_What is being asked_
The goal is an unaltered copy of the records below, minus any images.

_Records for processing_
════════

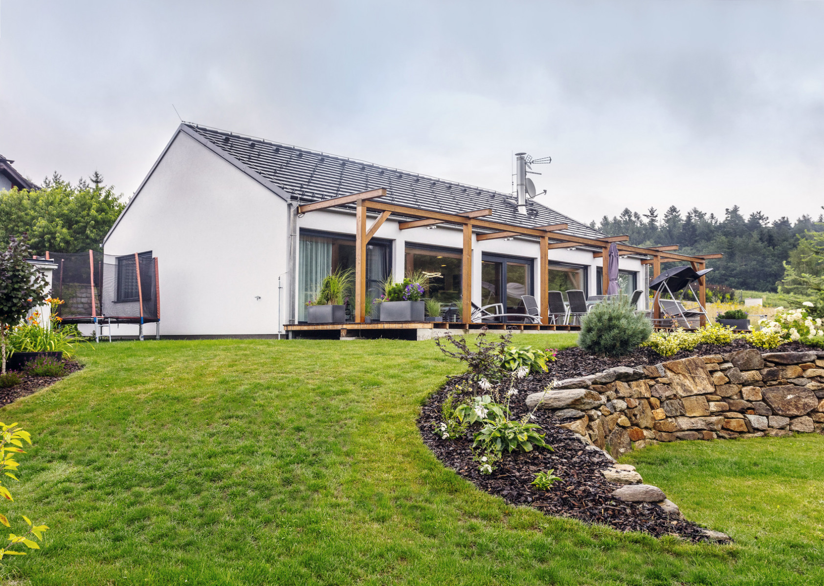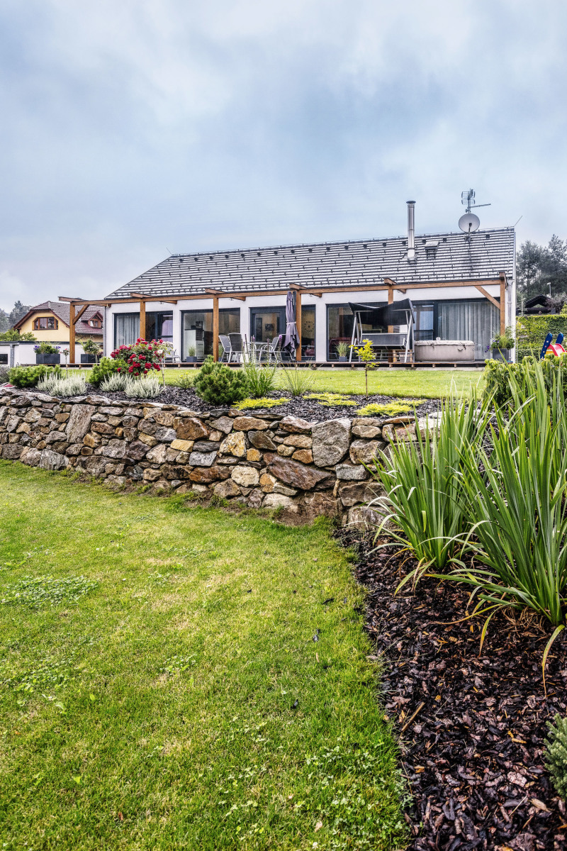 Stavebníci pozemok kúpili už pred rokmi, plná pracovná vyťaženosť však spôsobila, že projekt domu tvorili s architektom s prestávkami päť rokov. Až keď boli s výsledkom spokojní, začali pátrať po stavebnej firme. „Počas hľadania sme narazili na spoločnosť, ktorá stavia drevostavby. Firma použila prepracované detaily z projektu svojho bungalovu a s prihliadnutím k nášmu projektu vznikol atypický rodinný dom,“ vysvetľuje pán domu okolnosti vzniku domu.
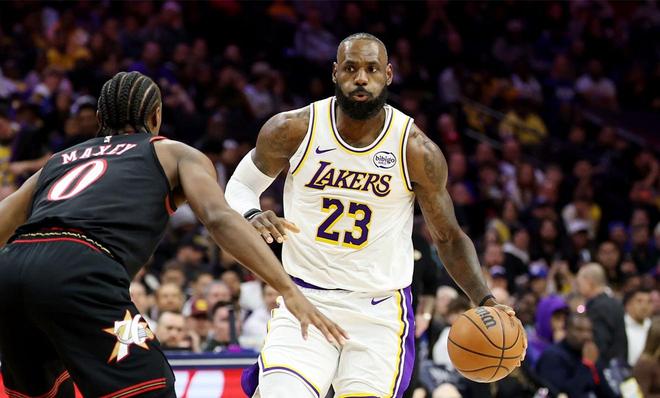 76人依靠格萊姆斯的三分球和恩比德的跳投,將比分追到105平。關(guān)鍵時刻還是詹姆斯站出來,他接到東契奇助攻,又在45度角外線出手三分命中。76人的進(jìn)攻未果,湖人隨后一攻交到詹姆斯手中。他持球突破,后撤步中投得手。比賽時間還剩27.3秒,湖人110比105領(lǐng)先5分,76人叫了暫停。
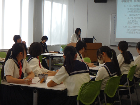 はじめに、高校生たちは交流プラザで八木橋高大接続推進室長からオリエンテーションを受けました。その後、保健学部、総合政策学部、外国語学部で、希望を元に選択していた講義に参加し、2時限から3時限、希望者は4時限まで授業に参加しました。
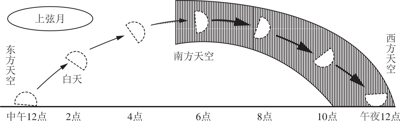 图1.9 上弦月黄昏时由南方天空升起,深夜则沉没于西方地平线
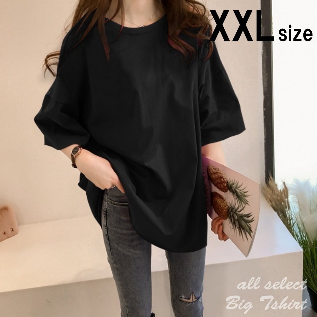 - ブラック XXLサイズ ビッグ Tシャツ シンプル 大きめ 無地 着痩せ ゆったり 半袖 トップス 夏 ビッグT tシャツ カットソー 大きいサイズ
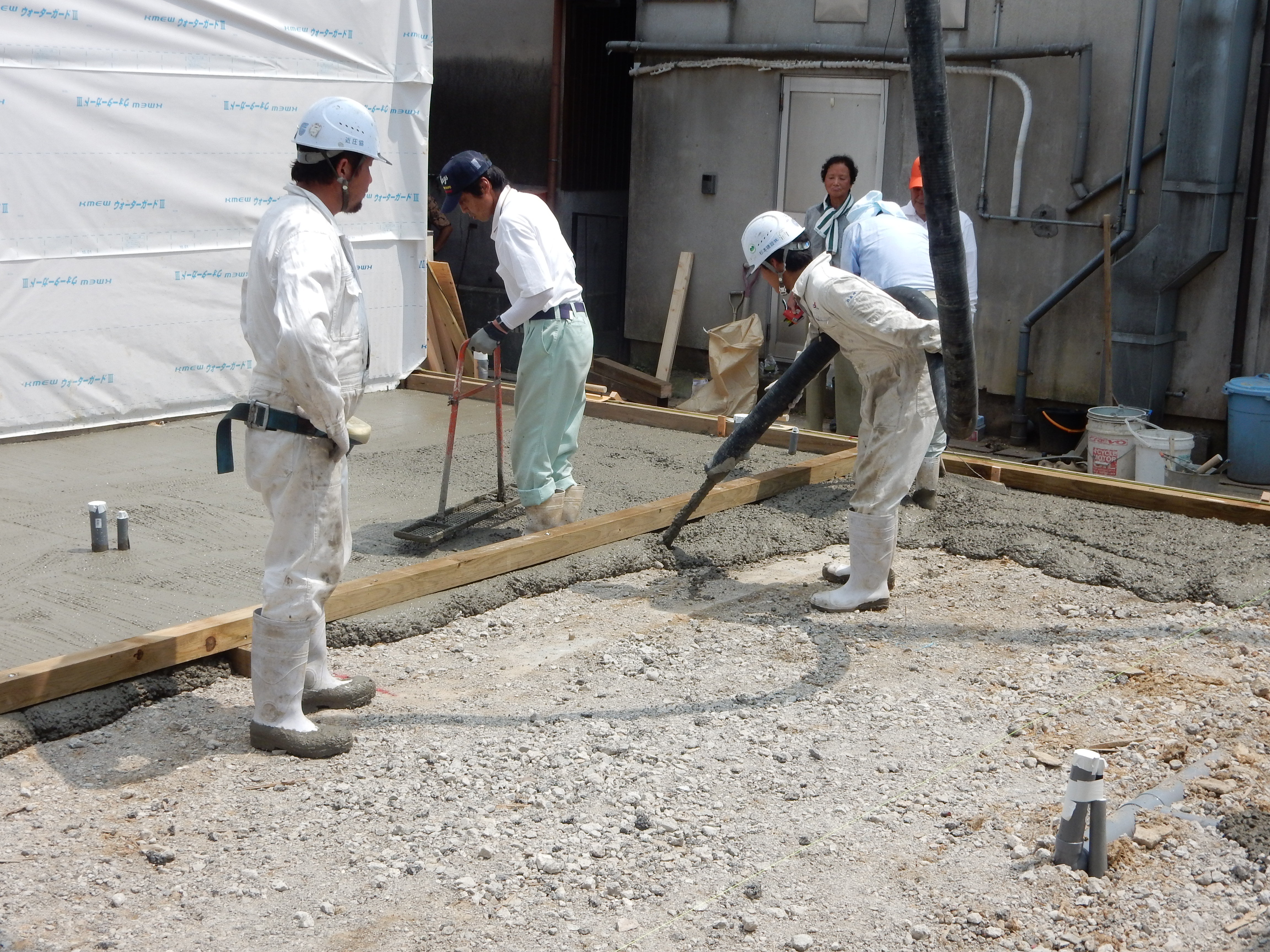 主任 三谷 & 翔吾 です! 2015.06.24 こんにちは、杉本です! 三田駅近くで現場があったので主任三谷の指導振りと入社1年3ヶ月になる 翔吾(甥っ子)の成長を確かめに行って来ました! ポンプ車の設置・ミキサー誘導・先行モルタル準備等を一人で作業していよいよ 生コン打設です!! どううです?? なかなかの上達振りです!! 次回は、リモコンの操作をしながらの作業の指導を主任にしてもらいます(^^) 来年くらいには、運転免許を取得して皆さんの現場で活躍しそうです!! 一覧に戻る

════════

_Result of this exercise_
 Stavebníci pozemok kúpili už pred rokmi, plná pracovná vyťaženosť však spôsobila, že projekt domu tvorili s architektom s prestávkami päť rokov. Až keď boli s výsledkom spokojní, začali pátrať po stavebnej firme. „Počas hľadania sme narazili na spoločnosť, ktorá stavia drevostavby. Firma použila prepracované detaily z projektu svojho bungalovu a s prihliadnutím k nášmu projektu vznikol atypický rodinný dom,“ vysvetľuje pán domu okolnosti vzniku domu.
 76人依靠格萊姆斯的三分球和恩比德的跳投,將比分追到105平。關(guān)鍵時刻還是詹姆斯站出來,他接到東契奇助攻,又在45度角外線出手三分命中。76人的進(jìn)攻未果,湖人隨后一攻交到詹姆斯手中。他持球突破,后撤步中投得手。比賽時間還剩27.3秒,湖人110比105領(lǐng)先5分,76人叫了暫停。
 はじめに、高校生たちは交流プラザで八木橋高大接続推進室長からオリエンテーションを受けました。その後、保健学部、総合政策学部、外国語学部で、希望を元に選択していた講義に参加し、2時限から3時限、希望者は4時限まで授業に参加しました。
 图1.9 上弦月黄昏时由南方天空升起,深夜则沉没于西方地平线
 - ブラック XXLサイズ ビッグ Tシャツ シンプル 大きめ 無地 着痩せ ゆったり 半袖 トップス 夏 ビッグT tシャツ カットソー 大きいサイズ
 主任 三谷 & 翔吾 です! 2015.06.24 こんにちは、杉本です! 三田駅近くで現場があったので主任三谷の指導振りと入社1年3ヶ月になる 翔吾(甥っ子)の成長を確かめに行って来ました! ポンプ車の設置・ミキサー誘導・先行モルタル準備等を一人で作業していよいよ 生コン打設です!! どううです?? なかなかの上達振りです!! 次回は、リモコンの操作をしながらの作業の指導を主任にしてもらいます(^^) 来年くらいには、運転免許を取得して皆さんの現場で活躍しそうです!! 一覧に戻る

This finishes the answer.